Set each line of the material below down word for word, from the first through the line that holds "- Hand-carved bone", but not the pictures.

*-*-*

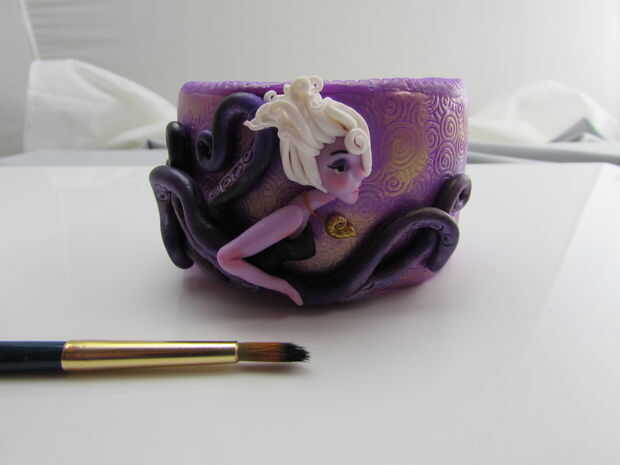 Para agregar más detalles sobre Ursula, pintura color durazno en la mejilla, en la cima de la nariz, codo y mano. La pintura púrpura los labios rojos y párpados. También ligeramente pinté la parte superior de los tentáculos negros. Utilicé pinturas set calor pero se pueden utilizar pinturas acrílicas o pasteles.
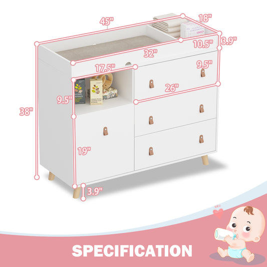 OXYLIFE 45" Baby Nursery Changing Table Dresser with 4 Drawers and Shelf for Nursery Room, White
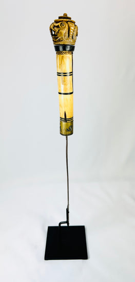 - Hand-carved bone handle depicting an Aso guardian beast and a male figure with elaborate mustache
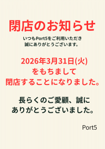 Port5閉店のお知らせ Port5閉店のお知らせ 当店は2026年3月31日(火)をもちまして、閉店することになりました。 皆様には、長らくご愛顧いただき誠にありがとうございました。 Port5スタッフ一同
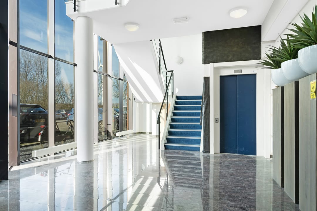 Beschikbare kantoorruimte bevindt zich op de tweede verdieping van het aangename kantoorgebouw.
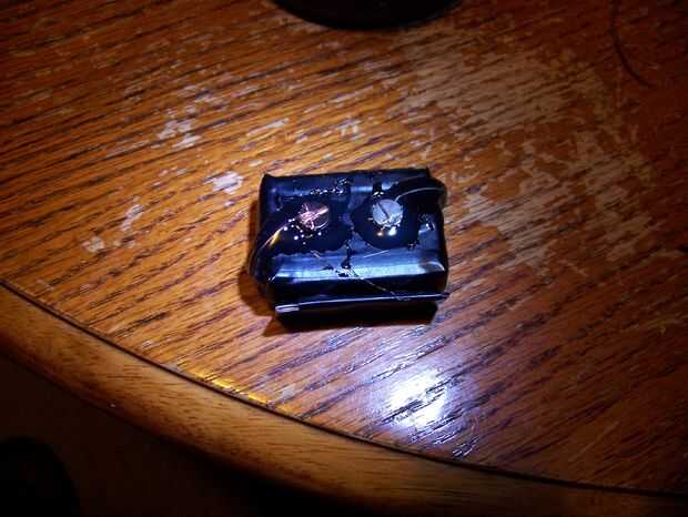 Si vas a hacer esto, usted necesitará un par de cables a los cables positivos y negativos del portapila en tu circuito de bola de la molécula de la soldadura. Una vez hayas hecho esto, envuelva los extremos desnudos de los cables alrededor de algunos de sus imanes de disco y péguelos en la parte exterior del paquete en algún lugar. Me aseguré de que los cables positivos y negativos tenían diferentes polos magnéticos hacia el exterior, una norte y una sur. Hice lo mismo con el portapilas casero, por lo que no había ninguna posibilidad de conectarlo al revés.
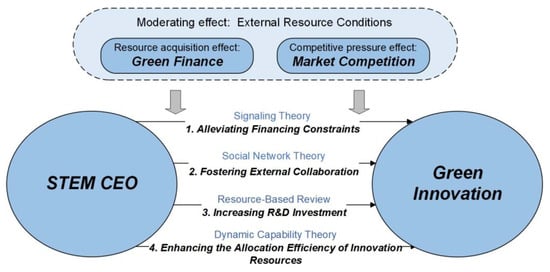 A STEM CEO, defined as a leader with a university degree in a STEM field, significantly influences organizational decisions and outcomes, including traditional innovation [9] and corporate social responsibility [10]. However, little research has investigated their impact on environmental innovation. Furthermore, existing studies have primarily examined their overall impact [11], neglecting their interplay with the external environment. From the perspective of the resource-based view, the development level of external green finance and the intensity of market competition influence a firm’s resource base. Under such conditions, the relationship between STEM CEOs and corporate green innovation may be altered. Consequently, this study systematically addresses two key questions: (1) Can STEM CEOs foster the emergence of corporate green innovation outcomes, and what is the potential mechanism? (2) How does the external environment influence the relationship between STEM CEOs and green innovation?
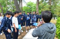 団員は今夏8月17日~20日に韓国培材中学校に訪れた旅の思い出を、映像を交えて報告しました。ソウルという都会にある学校施設は規模も大きく、体育館やサッカー場など、一つ一つが立派なこと。食事の慣習に違いを感じたこと、何より今年1月に訪日使節団と深めた絆を、今度は韓国で再確認できたことをそれぞれの言葉で語りました。
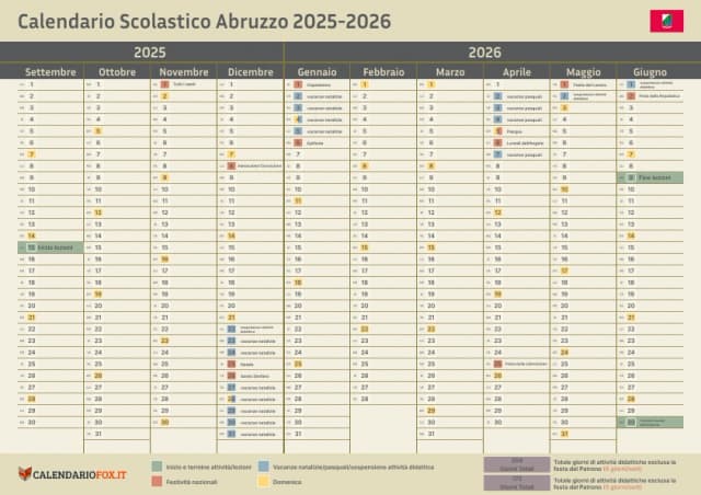 La Regione Abruzzo ha definito il calendario scolastico 2025-2026, stabilendo le date delle vacanze di Natale e Pasqua, così come i ponti distribuiti durante l’anno. Le lezioni inizieranno lunedì 15 settembre 2025 e termineranno il 9 giugno 2026 per le scuole primarie e secondarie, mentre le scuole dell’infanzia continueranno le attività fino a martedì 30 giugno 2026.
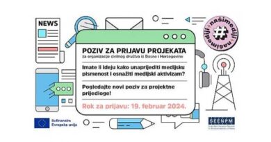 Read MoreFondacija za razvoj medija i civilnog društva “Mediacentar” traži prijedloge projekata koji imaju za cilj podizanje kapaciteta organizacija civilnog društva
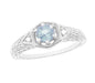 Meticulously crafted in white gold, this beautiful engraved aquamarine ring features an intricately detailed carved wheat pattern accented with millgrain edging on the outside top of the band and sides adorned with lovely pierced filigree scrollwork. The timeless vintage style of this classic aquamarine engagement ring is sure to be cherished.
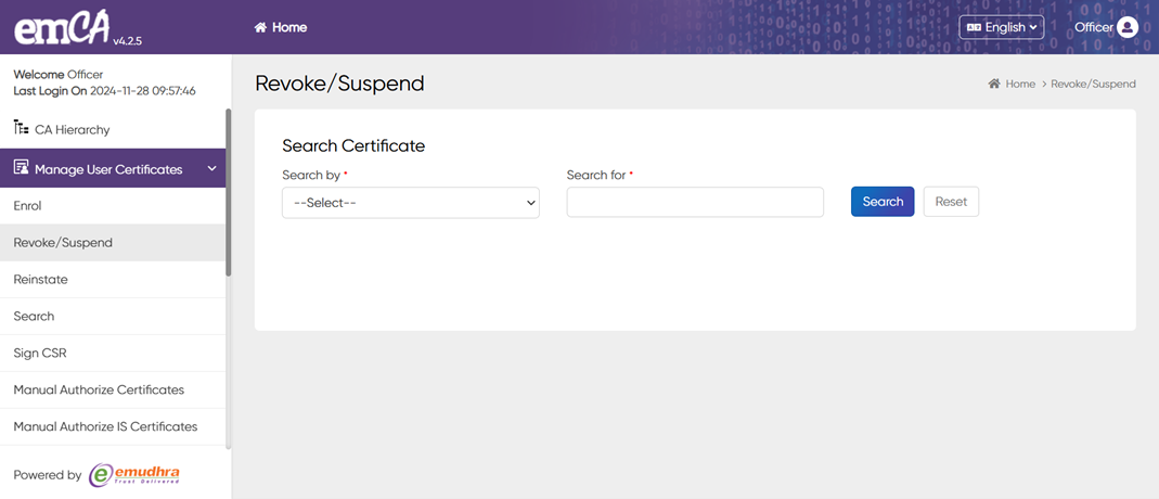 An Officer can revoke or suspend user certificates of his/her group manually, if necessary, using this UI.

*-*-*

Solution below:
 Para agregar más detalles sobre Ursula, pintura color durazno en la mejilla, en la cima de la nariz, codo y mano. La pintura púrpura los labios rojos y párpados. También ligeramente pinté la parte superior de los tentáculos negros. Utilicé pinturas set calor pero se pueden utilizar pinturas acrílicas o pasteles.
 OXYLIFE 45" Baby Nursery Changing Table Dresser with 4 Drawers and Shelf for Nursery Room, White
 - Hand-carved bone handle depicting an Aso guardian beast and a male figure with elaborate mustache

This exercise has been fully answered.